The intensive pursuit for quantum advantage in terms of computational complexity has further led to a modernized crucial question of when and how will quantum computers outperform classical computers. The next milestone is undoubtedly the realization of quantum acceleration in practical problems. Here we provide a clear evidence and arguments that the primary target is likely to be condensed matter physics. Our primary contributions are summarized as follows: 1) Proposal of systematic error/runtime analysis on state-of-the-art classical algorithm based on tensor networks; 2) Dedicated and high-resolution analysis on quantum resource performed at the level of executable logical instructions; 3) Clarification of quantum-classical crosspoint for ground-state simulation to be within runtime of hours using only a few hundreds of thousand physical qubits for 2d Heisenberg and 2d Fermi-Hubbard models, assuming that logical qubits are encoded via the surface code with the physical error rate of p = 10⁻³. To our knowledge, we argue that condensed matter problems offer the earliest platform for demonstration of practical quantum advantage that is order-of-magnitude more feasible than ever known candidates, in terms of both qubit counts and total runtime.

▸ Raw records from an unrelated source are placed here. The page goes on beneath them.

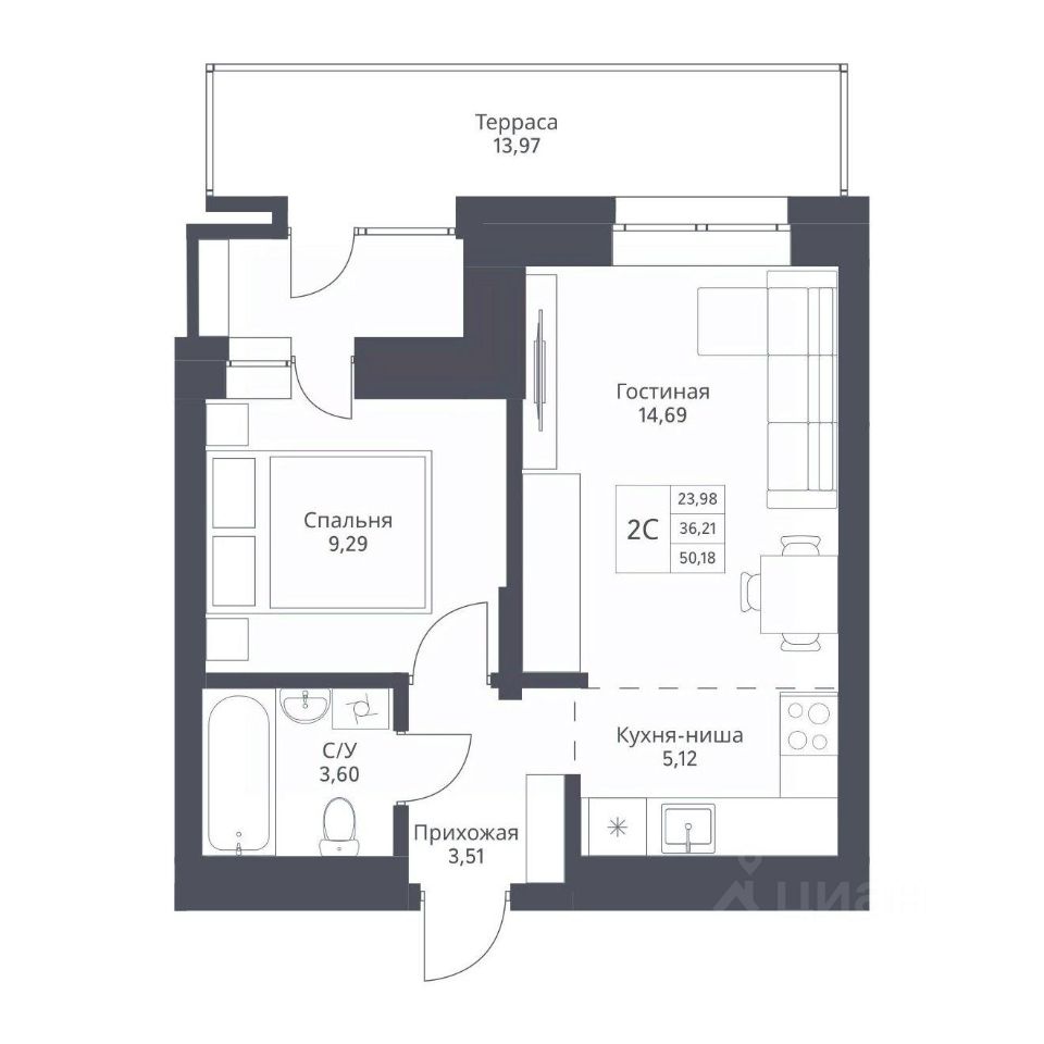 Продается 2-комн. студия с отделкой White box. Квартира расположена на 2 этаже 24 этажного монолитно-кирпичного дома в Акцентном доме "Актив" от группы компаний "Поляков".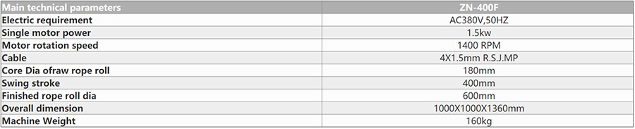 This machine is mainly used to support the twisted paper rope machine.This machine takes the paper rope roll produced from twisted paper rope machine as the raw material.releases the roll on one shaft and twines it on the other shaft on the machine. This machine can enlarge the diameter of the paper rope roll, and can eliminate rope knots in the raw paper rope roll, as well, so that the application efficiency of paper rope roll can be greatly improved in the afterwards processings.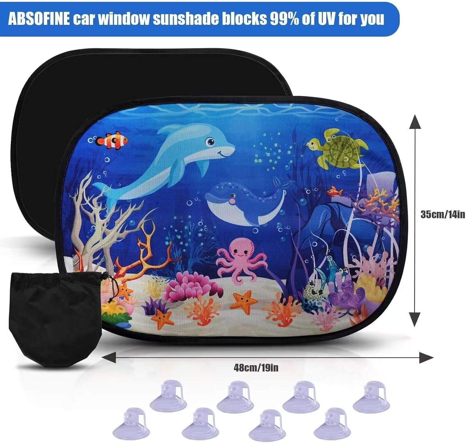 Product Content: 2 pack car window shades, 8 clear suction cups, comes with a compact storage bag, making it easy to carry and store the sunshades when not in use. Providing everything you need for effective sun protection on the go.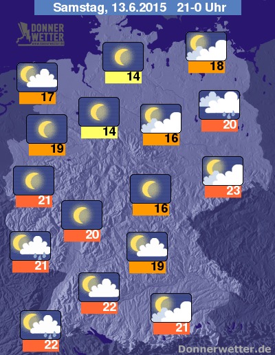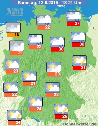 Am Samstagabend beschränken sich Niederschläge vor allem auf den Nordosten des Landes, hier werden mit Temperaturen bis 30 Grad auch die deutschlandweiten Höchstwerte erreicht.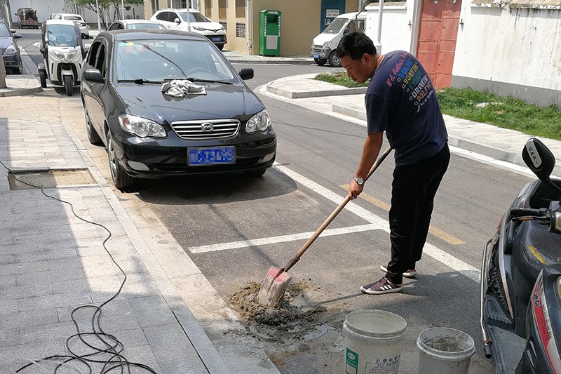 6月4日一大早,蚌埠管理处负责人张锦就带着基地水电工黄小洋、庄春雷来到我院三四期凿路面、拌水泥,埋管道……
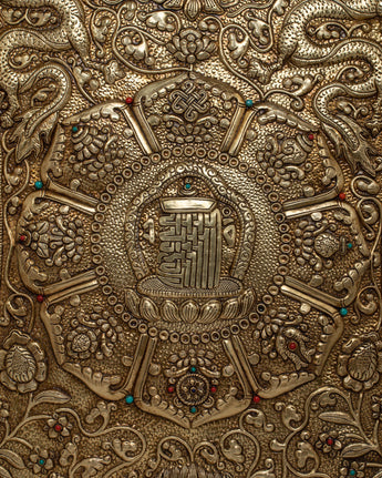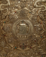 A metal thangka is a type of thangka painting that is made on a metal surface rather than on traditional canvas or paper. Metal thangkas are often made using copper, brass, or silver and are usually decorated with intricate designs and Buddhist iconography using a technique called repoussé. This involves hammering the metal from the reverse side to create a raised relief image on the front. Metal thangkas are known for their durability and are often used in ritual contexts or as decorative pieces in Buddhist homes and temples. They are particularly common in Tibet, where they have been produced for centuries.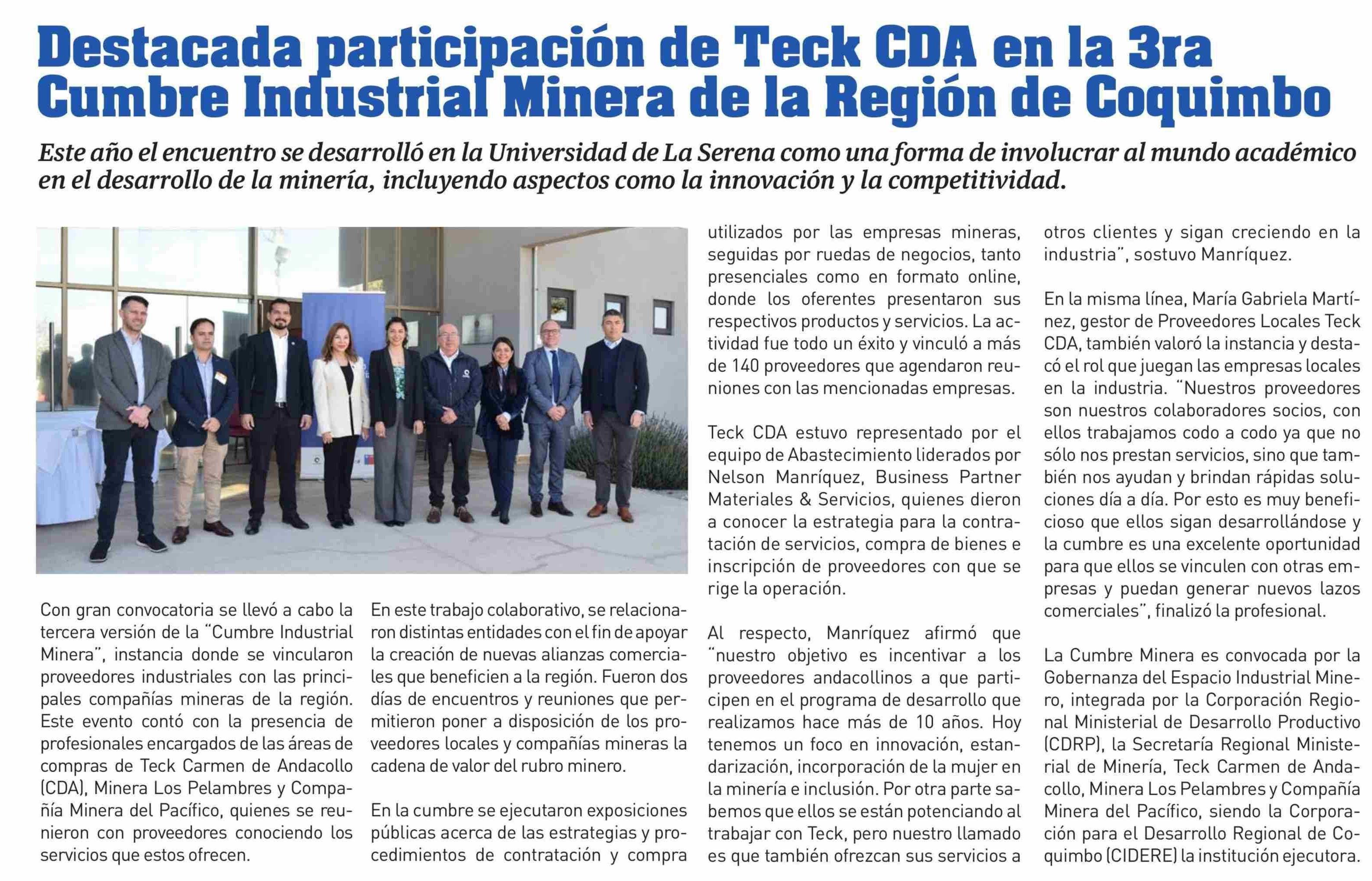 Destacada participación de Teck CDA en la 3ra Cumbre Industrial Minera de la Región de Coquimbo 14-08-2023 El Día |

对计算复杂性方面量子优势的深入追求进一步引发了一个现代化的关键问题：量子计算机何时以及如何超越经典计算机。下一个里程碑无疑是在实际问题中实现量子加速。在这里，我们提供了明确的证据和论据，表明主要目标很可能是凝聚态物理。我们的主要贡献总结如下： 1）提出基于张量网络的最先进经典算法的系统误差/运行时分析； 2）在可执行逻辑指令级别上对量子资源进行专门的高分辨率分析； 3) 对 2d 海森堡和 2d 费米-哈伯德模型仅使用数十万个物理量子位，在几个小时的运行时间内澄清基态模拟的量子经典交叉点，假设逻辑量子位通过表面代码进行编码物理错误率为p  = 10 ⁻³。据我们所知，我们认为凝聚态问题为展示实际量子优势提供了最早的平台，就量子位计数和总运行时间而言，该优势比已知的候选者更可行。